── INPUT DATA ──

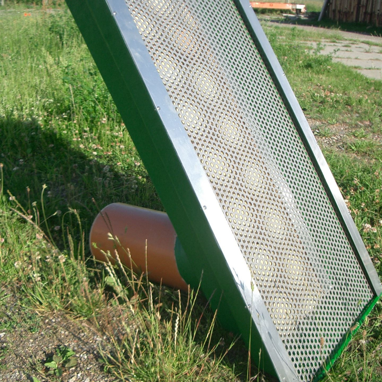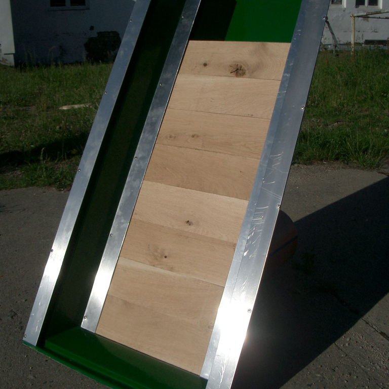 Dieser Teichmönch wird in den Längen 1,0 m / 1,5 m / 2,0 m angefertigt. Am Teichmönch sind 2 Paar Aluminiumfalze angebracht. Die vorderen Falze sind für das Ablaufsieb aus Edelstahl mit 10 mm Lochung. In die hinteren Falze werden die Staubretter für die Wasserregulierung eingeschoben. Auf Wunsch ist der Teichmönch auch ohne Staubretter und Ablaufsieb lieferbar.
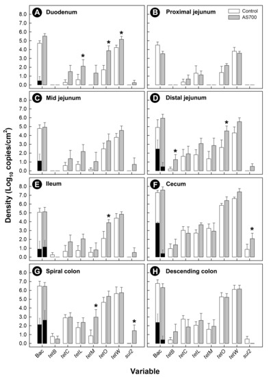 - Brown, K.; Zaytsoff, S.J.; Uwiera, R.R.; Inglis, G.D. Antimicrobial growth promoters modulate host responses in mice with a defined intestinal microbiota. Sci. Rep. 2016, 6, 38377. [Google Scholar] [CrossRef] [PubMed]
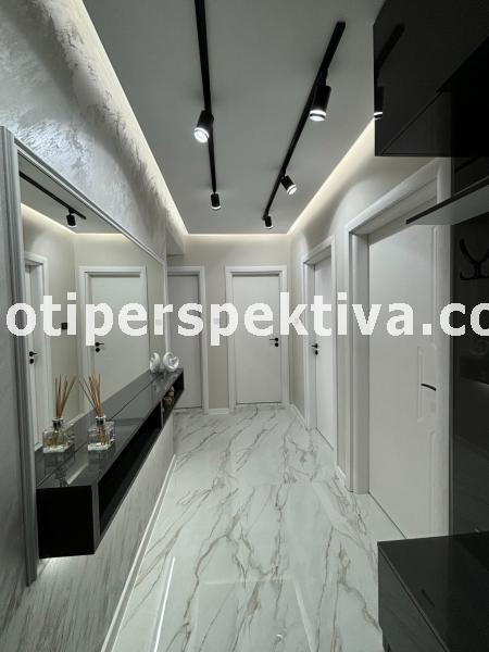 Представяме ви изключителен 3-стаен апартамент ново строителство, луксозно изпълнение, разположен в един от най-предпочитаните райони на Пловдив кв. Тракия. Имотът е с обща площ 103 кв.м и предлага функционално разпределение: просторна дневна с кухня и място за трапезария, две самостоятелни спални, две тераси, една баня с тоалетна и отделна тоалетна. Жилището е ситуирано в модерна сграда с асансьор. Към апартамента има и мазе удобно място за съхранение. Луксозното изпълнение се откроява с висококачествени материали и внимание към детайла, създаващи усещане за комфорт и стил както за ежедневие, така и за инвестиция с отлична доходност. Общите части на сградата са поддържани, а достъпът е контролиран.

───
── INPUT DATA ──

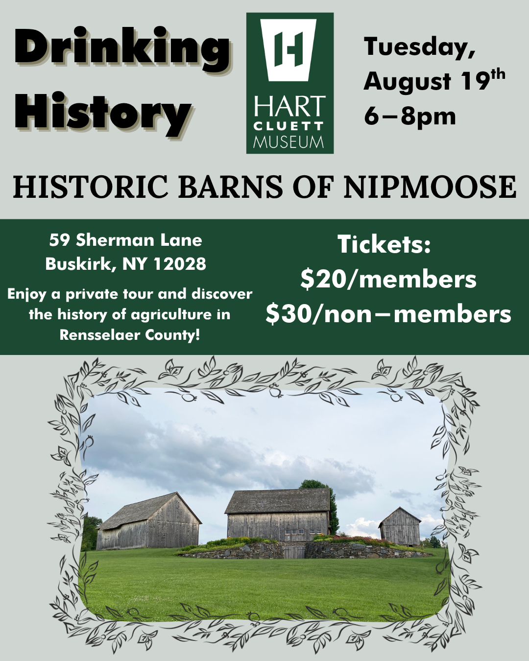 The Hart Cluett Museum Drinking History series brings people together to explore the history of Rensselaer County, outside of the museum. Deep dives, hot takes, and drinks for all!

───

=== TASK TO CARRY OUT ===
From the entries above, copy exactly the lines starting at the one with "Dieser Teichmönch wird" and stopping at the one with "Представяме ви изключителен", keeping both ends. Drop the pictures.

=== TASK RESULT ===
 Dieser Teichmönch wird in den Längen 1,0 m / 1,5 m / 2,0 m angefertigt. Am Teichmönch sind 2 Paar Aluminiumfalze angebracht. Die vorderen Falze sind für das Ablaufsieb aus Edelstahl mit 10 mm Lochung. In die hinteren Falze werden die Staubretter für die Wasserregulierung eingeschoben. Auf Wunsch ist der Teichmönch auch ohne Staubretter und Ablaufsieb lieferbar.
 - Brown, K.; Zaytsoff, S.J.; Uwiera, R.R.; Inglis, G.D. Antimicrobial growth promoters modulate host responses in mice with a defined intestinal microbiota. Sci. Rep. 2016, 6, 38377. [Google Scholar] [CrossRef] [PubMed]
 Представяме ви изключителен 3-стаен апартамент ново строителство, луксозно изпълнение, разположен в един от най-предпочитаните райони на Пловдив кв. Тракия. Имотът е с обща площ 103 кв.м и предлага функционално разпределение: просторна дневна с кухня и място за трапезария, две самостоятелни спални, две тераси, една баня с тоалетна и отделна тоалетна. Жилището е ситуирано в модерна сграда с асансьор. Към апартамента има и мазе удобно място за съхранение. Луксозното изпълнение се откроява с висококачествени материали и внимание към детайла, създаващи усещане за комфорт и стил както за ежедневие, така и за инвестиция с отлична доходност. Общите части на сградата са поддържани, а достъпът е контролиран.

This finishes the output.